━━━ RECORDS FOR THIS EXERCISE ━━━

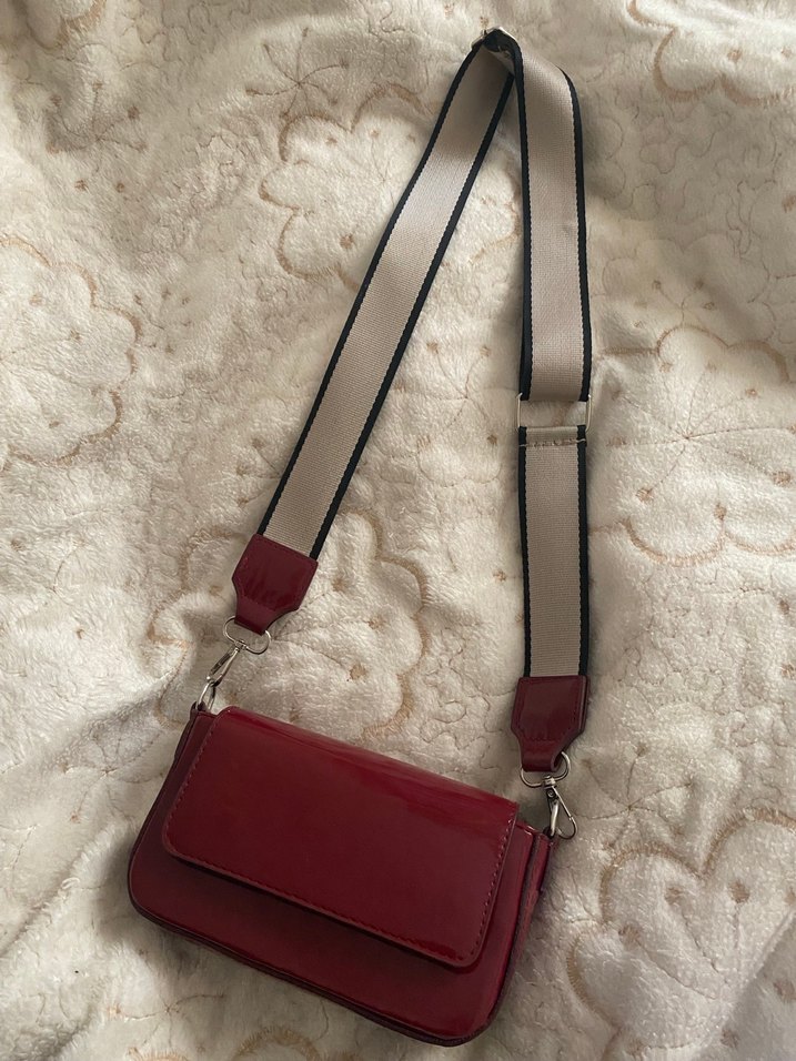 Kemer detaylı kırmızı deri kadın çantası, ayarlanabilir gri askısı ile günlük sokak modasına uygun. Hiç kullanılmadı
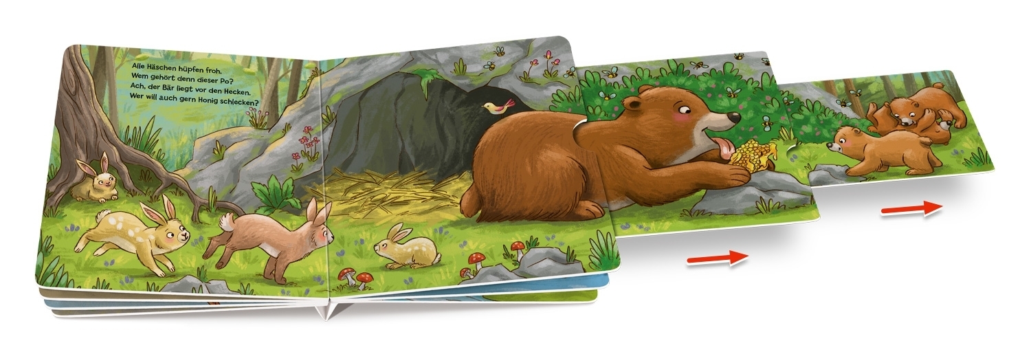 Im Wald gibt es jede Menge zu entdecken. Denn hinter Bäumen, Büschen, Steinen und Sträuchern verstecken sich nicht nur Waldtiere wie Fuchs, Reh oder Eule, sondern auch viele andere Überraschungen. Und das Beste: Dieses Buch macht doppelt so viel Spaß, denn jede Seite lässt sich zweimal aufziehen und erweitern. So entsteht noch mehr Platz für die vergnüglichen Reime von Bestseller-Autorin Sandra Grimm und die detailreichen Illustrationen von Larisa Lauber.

━━━
━━━ RECORDS FOR THIS EXERCISE ━━━

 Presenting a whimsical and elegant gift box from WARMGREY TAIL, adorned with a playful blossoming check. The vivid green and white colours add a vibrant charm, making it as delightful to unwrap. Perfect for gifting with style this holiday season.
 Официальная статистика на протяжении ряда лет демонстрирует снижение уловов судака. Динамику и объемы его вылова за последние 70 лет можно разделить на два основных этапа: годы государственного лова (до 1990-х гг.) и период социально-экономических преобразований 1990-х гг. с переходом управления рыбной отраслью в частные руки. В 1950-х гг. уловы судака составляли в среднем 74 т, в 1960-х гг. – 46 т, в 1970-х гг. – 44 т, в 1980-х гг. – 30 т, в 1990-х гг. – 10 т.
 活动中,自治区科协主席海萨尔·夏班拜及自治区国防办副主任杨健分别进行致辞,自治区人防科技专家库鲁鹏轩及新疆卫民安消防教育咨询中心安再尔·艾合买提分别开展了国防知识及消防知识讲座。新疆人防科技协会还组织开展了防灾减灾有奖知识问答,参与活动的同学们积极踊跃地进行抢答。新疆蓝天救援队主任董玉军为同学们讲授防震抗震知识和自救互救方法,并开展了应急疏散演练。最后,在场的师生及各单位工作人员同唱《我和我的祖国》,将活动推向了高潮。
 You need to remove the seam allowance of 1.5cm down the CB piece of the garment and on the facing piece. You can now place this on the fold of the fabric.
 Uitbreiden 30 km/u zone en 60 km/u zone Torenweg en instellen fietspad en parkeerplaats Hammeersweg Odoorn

━━━

PROBLEM DESCRIPTION
From the records above, reproduce exactly the lines from the one with "You need to" to the one with "Uitbreiden 30 km/u", both included, and no others.

ANSWER FOR THIS EXERCISE
 You need to remove the seam allowance of 1.5cm down the CB piece of the garment and on the facing piece. You can now place this on the fold of the fabric.
 Uitbreiden 30 km/u zone en 60 km/u zone Torenweg en instellen fietspad en parkeerplaats Hammeersweg Odoorn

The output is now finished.